See More: Blood Pressure in Pregnant Women
Workouts And Lifestyle Activities Suggested For Controlling Thyroid During Pregnancy:
Regular exercise and active life are recommended along with medications to control Thyroid during pregnancy. A daily routine can help better control the Thyroid and overall wellness, fitness, and smooth pregnancy. It boosts metabolism, improves sleep, improves mood and your energy too.
During pregnancy, low impact exercises and those workouts without any stress are recommended to the pregnant mothers. Walking, yoga and swimming are most commonly advocated. However, it is recommended to always check your health condition and overall physical fitness with your health care provider before doing any exercise or fitness regime all by yourself.

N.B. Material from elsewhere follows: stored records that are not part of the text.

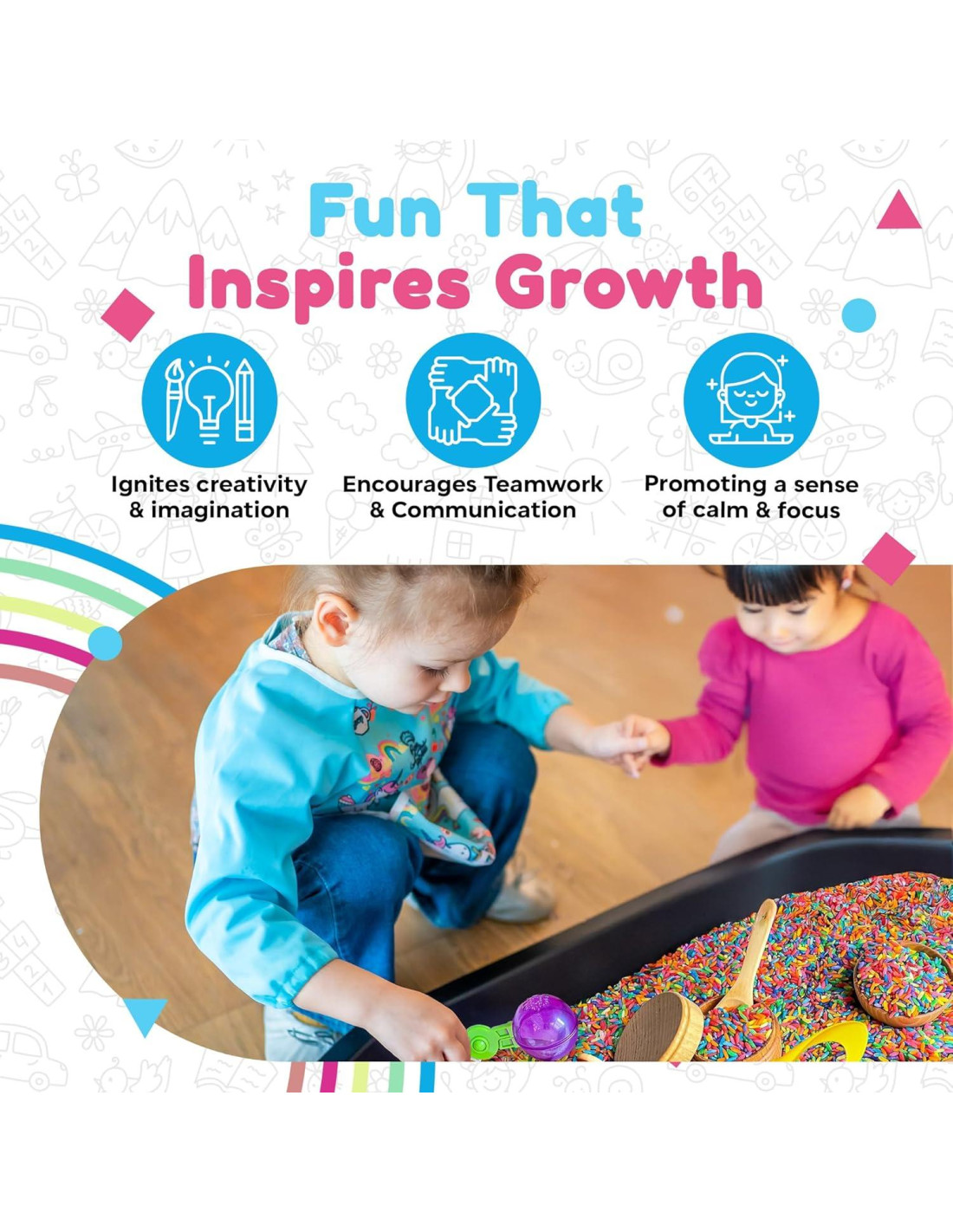 - Posibilidades Infinitas: Disponible en opciones de 10 piezas y 30 piezas, este juego de caja sensorial para niños pequeños proporciona una variedad de herramientas como un cucharón de miel, cucharas y tazones. Nuestros juguetes de mesa sensorial son adecuados para explorar rellenos sensoriales como arroz, frijoles y avena.
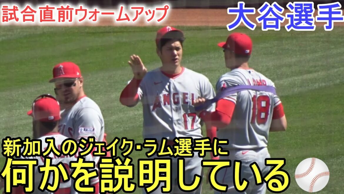 試合直前ウォームアップ中、エンジェルスに新加入のジェイク・ラム選手に何かを説明している大谷翔平選手。
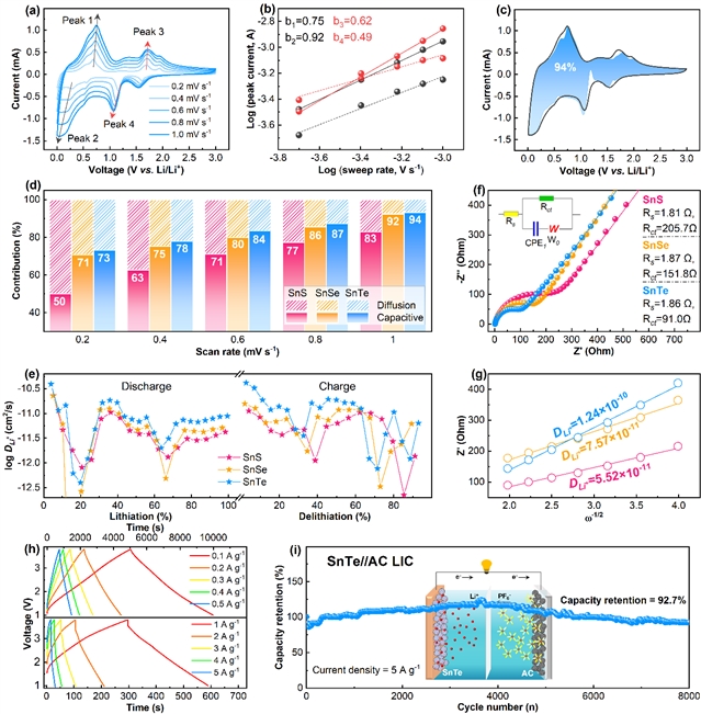 图6. SnTe电极的赝电容贡献、锂扩散系数、EIS及AC//SnTe电容器性能
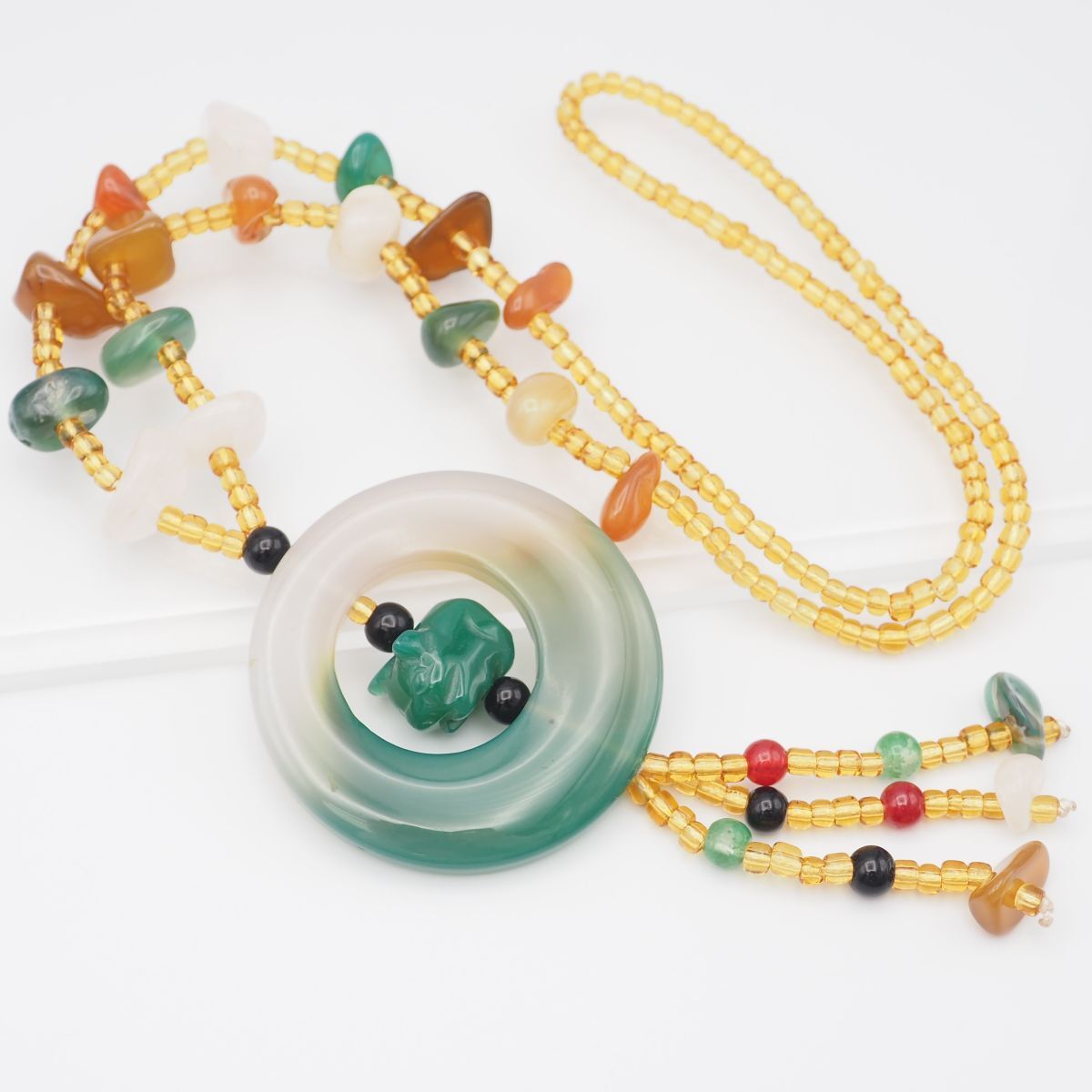 - H057 天然石 ネックレス 大ぶり ピッグ 豚彫刻 マルチカラー デザイン
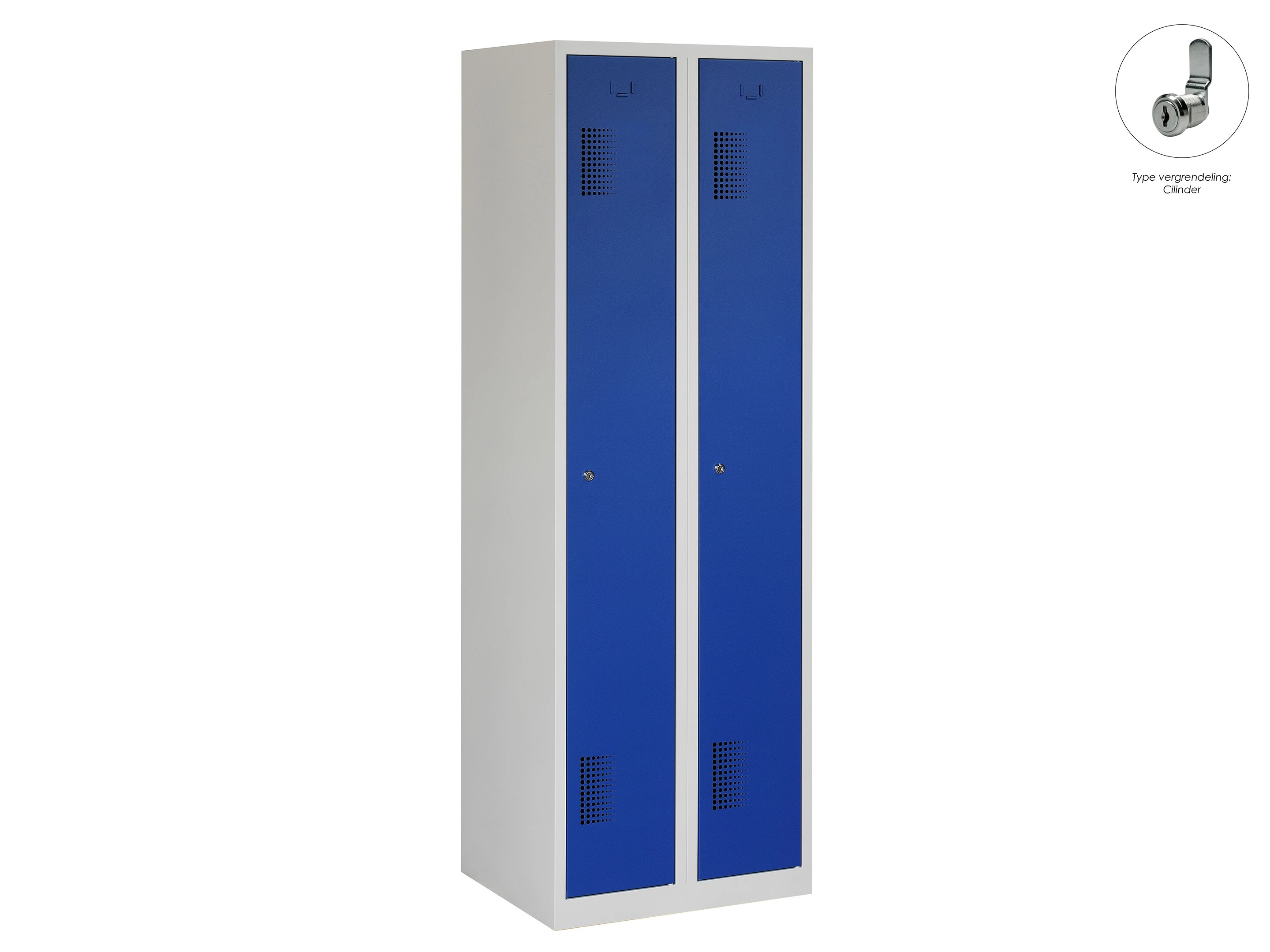 Type deuren: draaideur (geperforeerd), type slot: cilinderslot. Kleur romp: grijs (RAL7035), kleur deuren: blauw (RAL5010). Afmeting: 180x60x50 cm (HxBxD). Indeling: Legbord & kledingroede Aantal deuren: 2, aantal sleutels: 2.
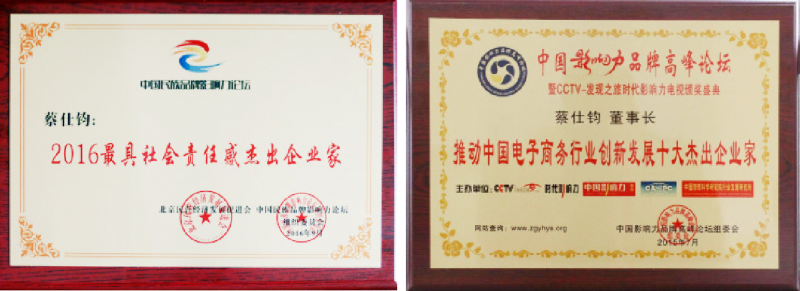 凭借着在电商领域的成就,蔡仕钧担任国家贸促会(中国国际商会)理事,也曾担任过中国爱心事业联合会副会长、中国非公企业联合会副会长、北京民营经济发展促进会副会长、浙江省民营经济研究会副会长等职务,并荣获了 CCTV 行业领军品牌,CCTV 推动中国电子商务创新发展十大企业家、2016 中国民族品牌影响力论坛最具社会责任感杰出企业家等荣誉。
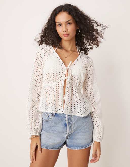 JDY tie front broderie detail top in white

Thyroid during pregnancy is the most commonly known condition for several mothers-to-be. We hope this well-researched and detailed guide on the condition helps understand the symptom and condition better. Please check with your doctor for further details and personalized checks in case of thyroid treatment for pregnancy.
This guide on Thyroid hormones during pregnancy is only for informatory and knowledge purposes. Please make sure to check with your family health doctor or medical professional for further inputs and overall health profile. Do not take any medication, treatment, and steps by yourself without involving the health care provider.